Fin da tempo immemore, l’intrinseco funzionamento della mente umana ci ha portato a venerare i corpi astrali, manifestazioni scintillanti di possibili divinità o entità superne. Persino nelle religioni monoteiste, come il Cristianesimo, la nascita di Cristo viene fatta corrispondere alla comparsa nella volta di un corpo cometario, la cosiddetta Stella di Betlemme, che guidò coloro che volevano rendergli omaggio fino al figlio o manifestazione prettamente antropica di nostro Signore. Ed è forse una fortuna, dal punto di vista di coloro che volessero classificare i molti culti nella storia delle religioni, il fatto che l’attrezzatura tecnologicamente limitata abbia in passato contenuto il numero di quei fenomeni, che gli aspiranti profeti potevano indicare ai propri sostenitori nelle ore che si frapponevano tra il tramonto e l’alba con voce tremula e sguardo (temporaneamente) offuscato da rivelazioni trascendenti. Poiché al sopraggiungere dei tempi odierni, il metodo scientifico ha ormai da tempo smascherato l’occorrenza sistematica delle coincidenze, con appena 365 giorni di calendario a disposizione per il compiersi degli eventi predestinati, inclusi fenomeni galattici di proporzioni tali da poter essere osservati ad occhio nudo. Ma persino i più potenti telescopi di cui possiamo disporre, risultano condizionati da particolari limitazioni…
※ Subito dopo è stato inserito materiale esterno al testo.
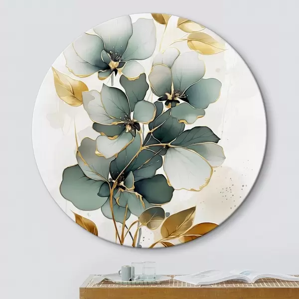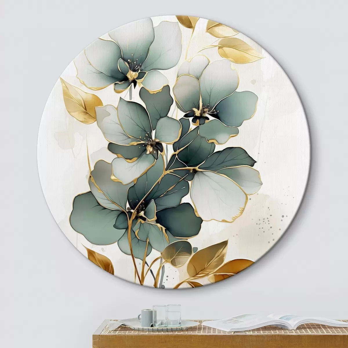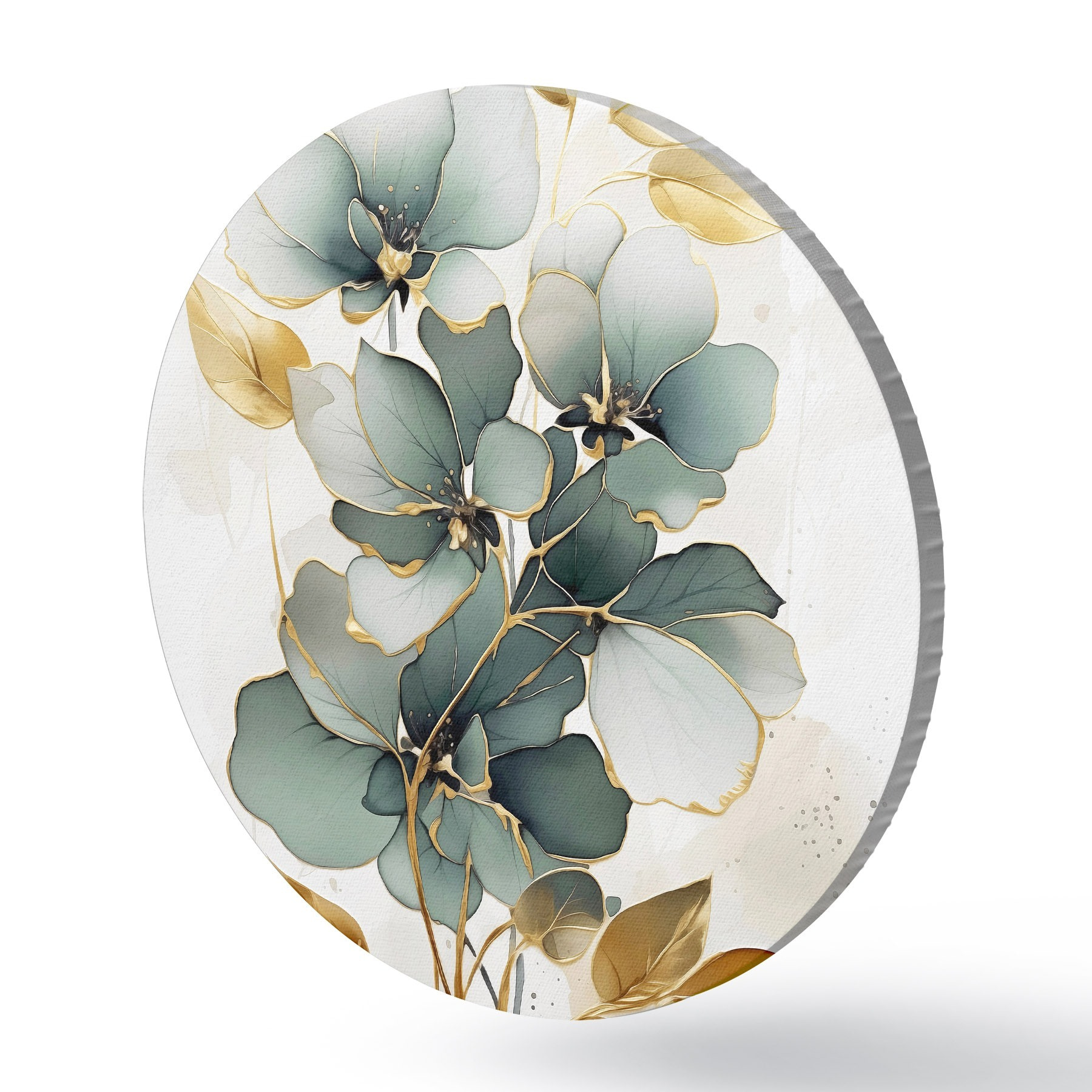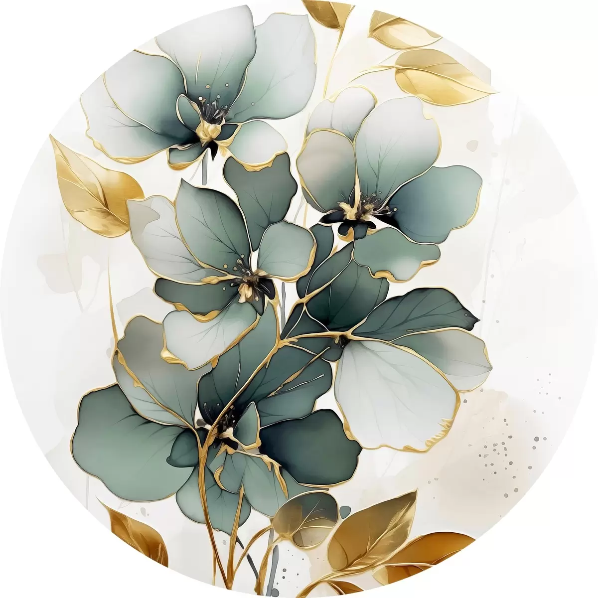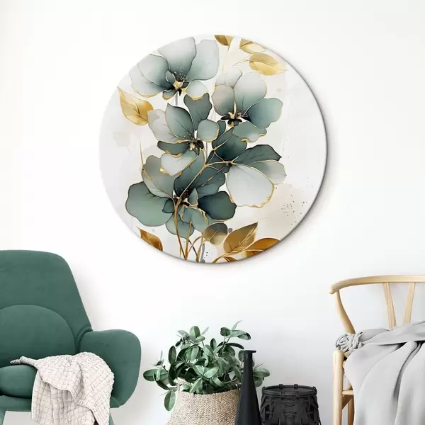 Ronde schilderijen Abstracte tak met bloemen en bladeren r45367
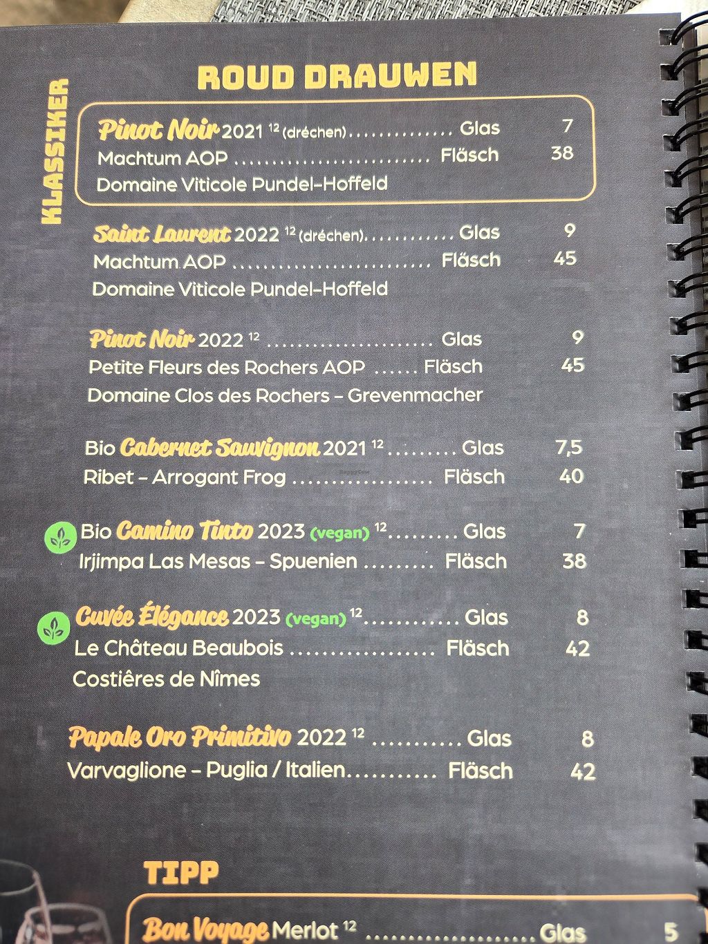 Serves meat, vegan options available. Brasserie-restaurant offering classic Luxembourgish dishes in addition to several vegan dishes like the pulled jackfruit burger, vegan-tuna salad on baguette, bruschetta with pumpkin and vegan parmesan, and a couple of pasta dishes. Uses local and regional produce. NOTE: Kitchen may break in the afternoon, check ahead. Open Mon-Sun 11:00-23:00. Closed Mon-Tue.
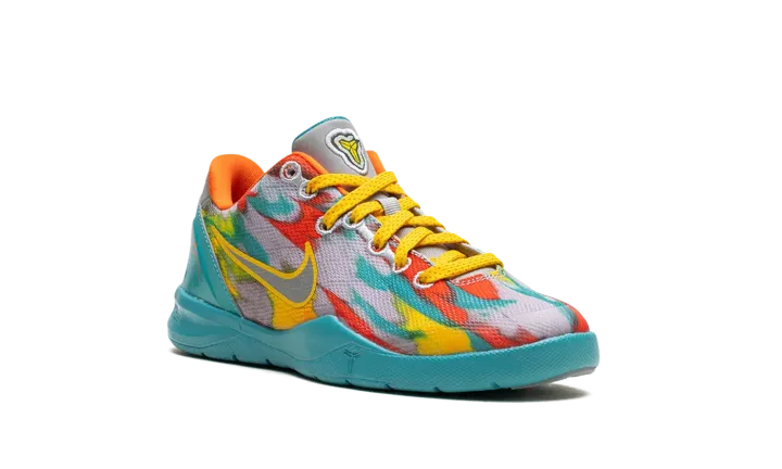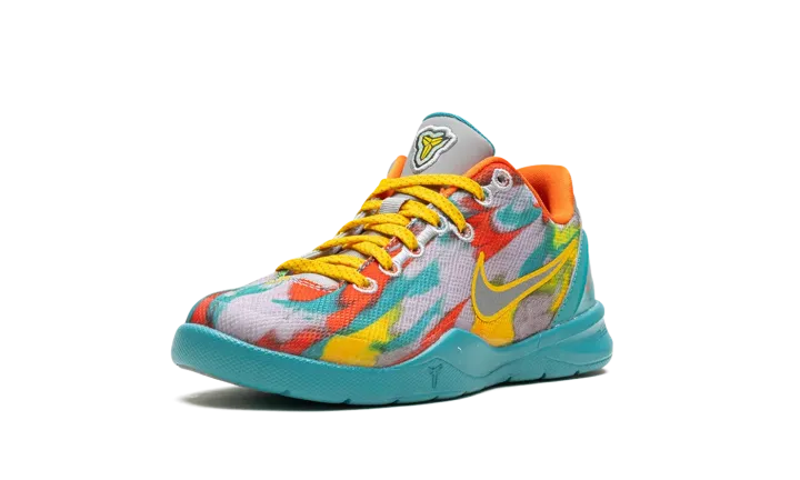 The Nike Kobe 8 Protro PS "Venice Beach" is the preschool sizing of Kobe Bryant's eight signature shoe inspired by graffiti art found on the boardwalk of Venice Beach, California. The Nike Kobe 8 Protro "Venice Beach" has a design as bold as the charm of the West Coast beach. The upper features a grey perforated knit base accented with red, teal, and yellow highlights. A yellow trim surrounds the grey Swoosh on both sides of the shoe. Kobe's signature branding appears on the tongue and on the teal heel counter. Underfoot, the teal midsole and grey rubber outsole complete the look. The Nike Kobe 8 Protro GS "Venice Beach" features the model's original thin tongue for an accurate-to-OG look. Release date: April 13, 2024
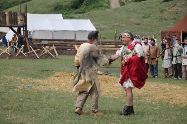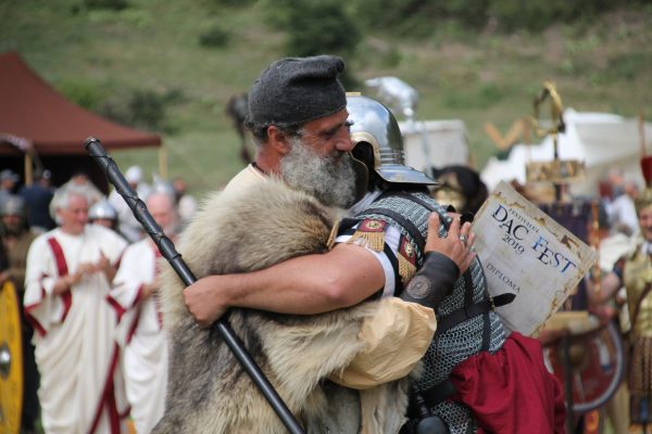 E un schimb cultural foarte frumos. Venim din Italia şi suntem “Romanitas”, o asociaţie culturală care duce povestea Romei în jurul lumii”, spune Marcus Flavius, în rolul lui Imperator Traiano. Din când în când, câte un nobil dac sau chiar Regele Decebal păşesc în tabăra romană să pună la punct detaliile bătăliilor. Turiştii fac zeci, chiar sute de fotografii. Ruxandra Damian stă în Canada şi lucrează la Ministerul Culturii. A venit în vizită în România şi a ţinut să vadă şi Dac Fest-ul: “E splendid! E ceva extraordinar, că se organizează aşa ceva, un eveniment cultural unde ai foarte multe de învăţat: toată lumea este pasionată de ceea ce face şi aş vrea să vin şi la alte ediţii!” Şi-a întâlnit chiar şi un amic, Stephen, şamanul canadian care şi-a făcut “Vatra” la Costeşti: “Ce mică-i lumea!”, exclamă bărbatul, care nu se dă dus de lângă Mugur Pop şi caii lui.
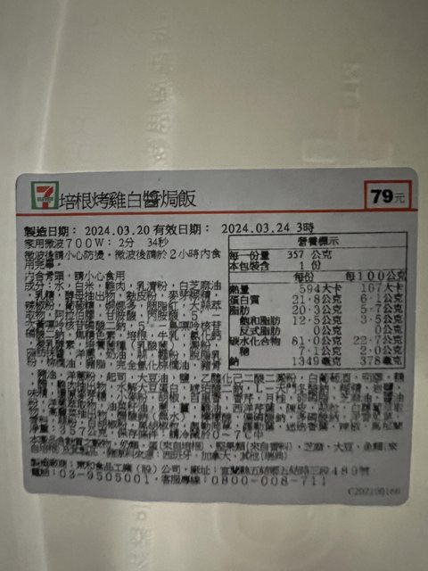 標題[商品] 7-11 培根烤雞白醬焗飯
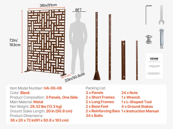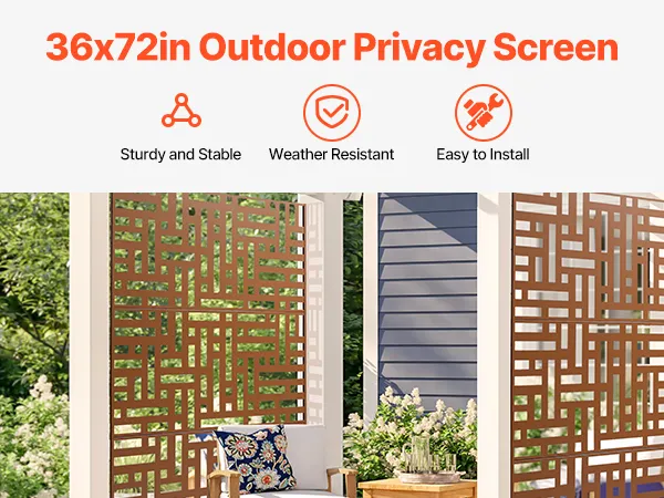 This 36x72 in metal privacy screen is corrosion-resistant and durable, ideal for long-term outdoor use. With wind resistance, it's ideal for gardens, patios, and courtyards, offering both privacy and style. It can also be used indoors to divide spaces, providing versatile, elegant separation.
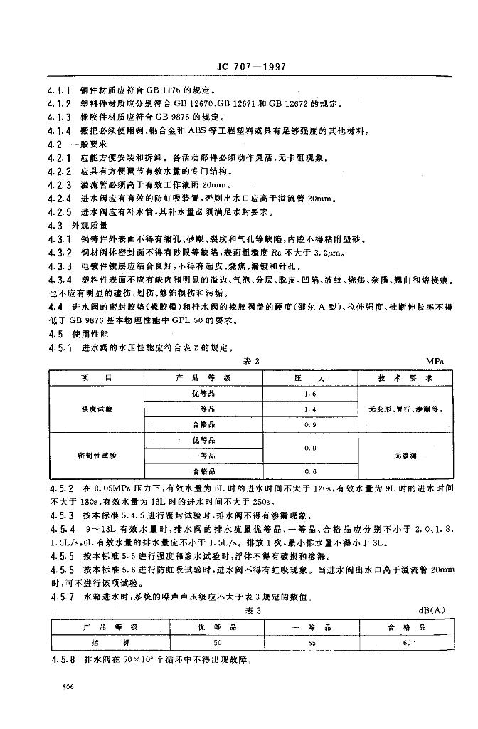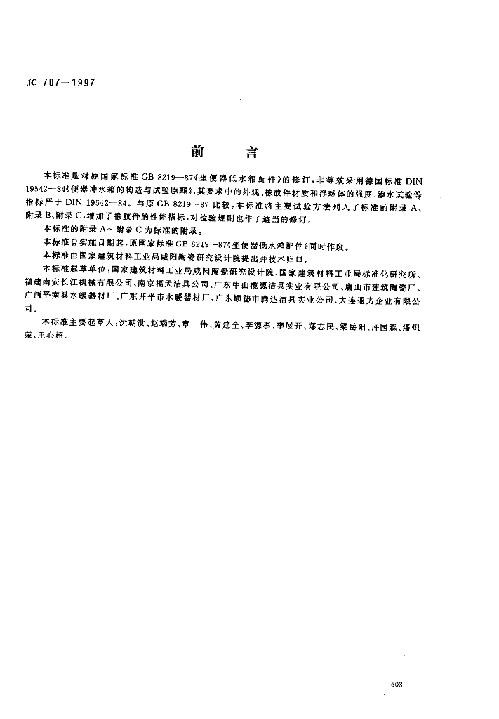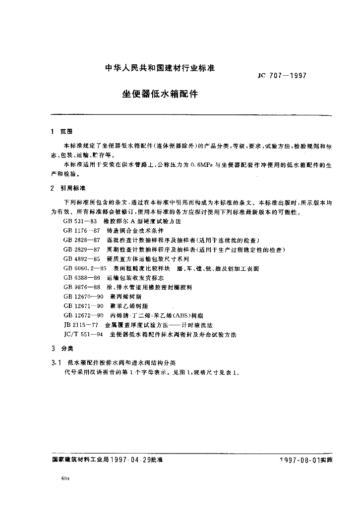 JC 707-1997 坐便器低水箱配件

Immaginate dunque la sorpresa degli addetti presso l’Asteroid Terrestrial-impact Last Alert System (ATLAS) di Río Hurtado, Cile, quando lo scorso primo luglio ciò che avevano fino a quel momento classificato come un tenute asteroide iniziò a spostarsi di qualche grado, dimostrando nel contempo alcune delle caratteristiche tipicamente associate alle comete: una chioma marginale, una coda di 3 secondi d’arco ed una possibile nube di polvere capace di oscurare il suo nucleo rotante. Essendo nel contempo identificabile, causa la sua traiettoria eccessivamente tangente ed oltremodo rapida, come un oggetto proveniente da regioni ben più distanti della nostra familiare nube di Oort, così come gli altri due predecessori provenienti da regioni astrali cosmiche identificati fino ad ora, 1I/ʻOumuamua del 2017 e 2I/Borisov del 2019. Doverosamente denominato, a questo punto come 3I/ATLAS rendendo onore al sito da cui era stato avvistato. Per una classificazione relativamente preoccupante proprio perché il nostro più avanzato centro di ricerca sugli oggetti cosmici vaganti aveva identificato il “rischio” relativamente tardi, a 670 milioni di Km di distanza dal Sole ed appena 171 giorni dal perielio (momento di massima vicinanza con la Terra) corrispondente a circa 268 milioni di chilometri dalla nostra cara, vecchia e vulnerabile sfera di fango. Laddove obbligatorie risultano essere virgolette in quel contesto, vista la distanza proiettata a rimanere sempre significativa, soprattutto rispetto ai pianeti che saluterà molto più da vicino di Giove (53 milioni di Km) Marte (29 milioni) e Venere (97 milioni). Il che costituisce, nel contempo, il nocciolo primario dell’interessante problema. Essendo tale tripla congiunzione molto atipica, al punto da costituire una reale coincidenza, per la maniera in cui il corpo in questione giunge non soltanto alla velocità vertiginosa di 68,3 Km al secondo, ma riesce a farlo con un asse in alcun modo tangente al piano di rotazione orbitale del Sistema Solare, quasi come se un mandante sconosciuto avesse inteso proiettarlo in modo tale da massimizzare il numero di tali incontri. Aggiungente a tutto questo la maniera in cui l’attività di vaporizzazione glaciale, tipica delle comete, sia iniziata in questo caso molto più lontano del previsto, come se qualcuno/qualcosa avesse intenzionalmente acceso una sorta di motore, per comprendere come la cometa abbia già sollevato i soliti dubbi sulla sue possibili… Intenzioni…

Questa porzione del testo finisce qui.